Russian materials science company

AO "Кompozit" (Joint Stock Company "Kompozit") (АО «Композит»), previously ОAO "Кompozit" (Open Joint Stock Company "Kompozit") (ОАО «Композит»), is a Russian company in the field of materials science, famous for its role in several spacecraft and rocket projects. It is based in Korolyov, Moscow Oblast.

== Overview ==
AO "Kompozit" carries out research, experimentation, development and production of materials for advanced and general applications. Its products include aluminum, beryllium, titanium, nickel alloys; intermetallics, constructional steels, carbon-carbon and ceramic-matrix composites, metal-matrix composites reinforced with boric and carbon fibers, constructional glass, organic and carbon fibers plastics, coverings, glues, compounds and enamels.
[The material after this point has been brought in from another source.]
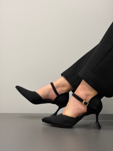 کفش زنانه پاشنه بلند مشکی بافت MANGO

The company has been involved in several spacecraft programs, such as Salyut, Soyuz, Proton, Mir, Energiya‑Buran, Sojuz‑Apollon, Vega, Fobos and the International Space Station. It has also delivered some elements of the beryllium ion guide of CERN's Large Hadron Collider in Switzerland.

== History ==
Kompozit's history dates back to 1947, when it was founded as the material science department of plant No 88. It later became a branch of the material science research institute-88. In 1975 the separate organization Central material science research institute under the General Engineering Ministry of the USSR was created. In 1987 it was reorganized into the scientific production association Kompozit (since July 1993 it has been a public corporation).